# Work to be completed
Pictures are to be left out, and only the lines below starting at the one with "zestaw montażowy kod 87100022" and ending at the one with "Ein Abendhauch kam" are to be reproduced, each exactly, both ends included.

── Material for this task ──

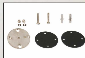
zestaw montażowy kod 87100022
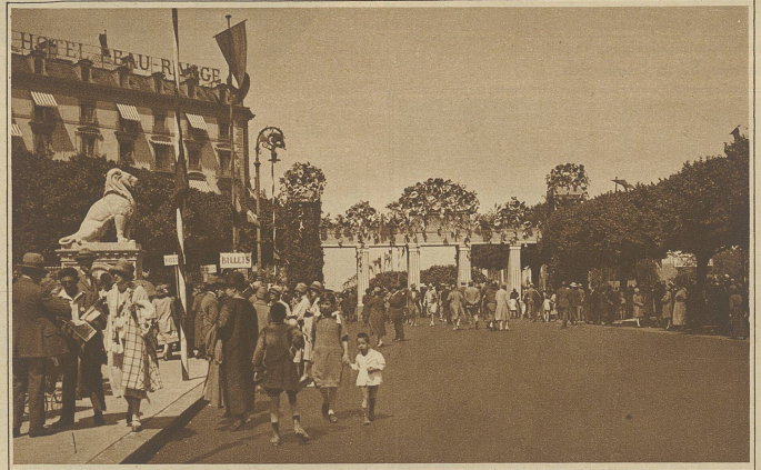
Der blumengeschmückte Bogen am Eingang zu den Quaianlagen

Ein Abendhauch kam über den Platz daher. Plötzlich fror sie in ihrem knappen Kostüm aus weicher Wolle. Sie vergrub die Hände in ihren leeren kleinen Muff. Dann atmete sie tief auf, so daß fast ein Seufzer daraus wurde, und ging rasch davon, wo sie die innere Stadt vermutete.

───
── Material for this task ──

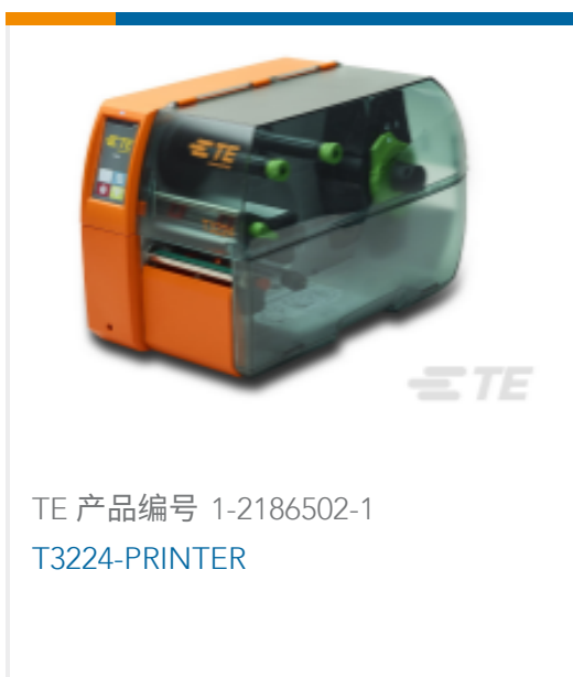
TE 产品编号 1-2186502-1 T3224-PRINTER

───

# Answer for the task
zestaw montażowy kod 87100022
Der blumengeschmückte Bogen am Eingang zu den Quaianlagen

Ein Abendhauch kam über den Platz daher. Plötzlich fror sie in ihrem knappen Kostüm aus weicher Wolle. Sie vergrub die Hände in ihren leeren kleinen Muff. Dann atmete sie tief auf, so daß fast ein Seufzer daraus wurde, und ging rasch davon, wo sie die innere Stadt vermutete.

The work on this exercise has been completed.